Content

Speaker

Alex Wong

Abstract

Training deep neural networks requires tens of thousands to millions of  examples, so curating multimodal vision datasets amounts to numerous man-hours; tasks like depth estimation require an even more massive effort. I will introduce an alternative form of supervision that leverages multi-sensor validation as an unsupervised (or self-supervised) training objective for depth estimation. To address its ill-posedness, I will show how one can leverage multimodal inputs in the choice of regularizers, which can play a role in model complexity, speed, generalization, as well as adaptation to test-time (possibly adverse) environments.
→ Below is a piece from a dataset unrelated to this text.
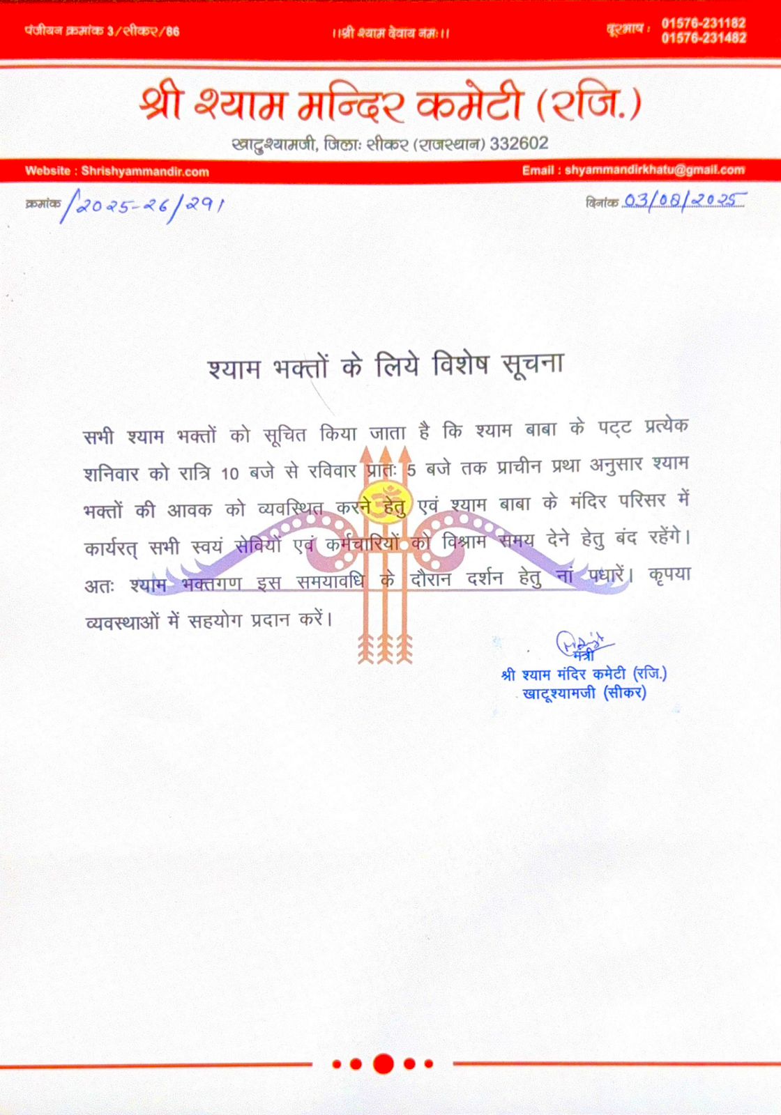Aug32025News Share This Article Share on FacebookShare on Facebook TweetShare on Twitter Pin itShare on Pinterest Share on LinkedInShare on LinkedIn Post navigationPreviousPrevious post:भव्य दर्शन – 03 अगस्त 2025 – श्री श्याम दर्शनNextNext post:भव्य दर्शन – 03 अगस्त 2025 – श्री श्याम दर्शनRelated postsजयपुर हवा महल क्षेत्र के विधायक स्वामी श्री बालमुकुन्द आचार्य जीOctober 30, 2025राजस्थान की उपमुख्यमंत्री श्रीमती दीया कुमारी जी आज बाबा श्याम के दर्शन करने के लिए आज खाटूश्यामजी पहुंचीOctober 26, 2025विशेष सूचनाOctober 22, 2025विशेष सूचनाOctober 15, 2025आज दिनांक – 08 अक्टूबर 2025 बिग बॉस मराठी 2 विजेता एवं बिग बॉस 16 उपविजेता श्री शिव ठाकरे जी और मानवतावादी एवं गैर सरकारी संगठन/सेना से श्रीमती गुड़िया चौधरी जी आज बाबा श्याम के दर्शन करने हेतु आज खाटूश्यामजी पहुंचेOctober 8, 2025भारतीय टेलीविज़न व फ़िल्म जगत की मशहूर निर्माता और निर्देशक सुश्री एकता कपूर जीSeptember 27, 2025

Additionally, I will discuss the current limitations of data augmentation procedures used during unsupervised training, which involves reconstructing the inputs as the supervision signal, and detail a method that allows one to scale up and introduce previously inviable augmentations to boost performance. Finally, I will show how one can scalably expand the number of modalities supported by multimodal models and demonstrate their use in a number of downstream semantic tasks.

Bio

Alex Wong is an Assistant Professor in the department of Computer Science and the director of the Vision Laboratory at Yale University. He also serves as the Director of AI (consulting capacity) for Horizon Surgical Systems. Prior to joining Yale, he was an Adjunct Professor at Loyola Marymount University (LMU) from 2018 to 2020. He received his Ph.D. in Computer Science from the University of California, Los Angeles (UCLA) in 2019 and was co-advised by Stefano Soatto and Alan Yuille. He was previously a post-doctoral research scholar at UCLA under the guidance of Soatto. His research lies in the intersection of machine learning, computer vision, and robotics and largely focuses on multimodal 3D reconstruction, robust vision under adverse conditions, and unsupervised learning. His work has received the outstanding student paper award at the Conference on Neural Information Processing Systems (NeurIPS) 2011 and the best paper award in robot vision at the International Conference on Robotics and Automation (ICRA) 2019.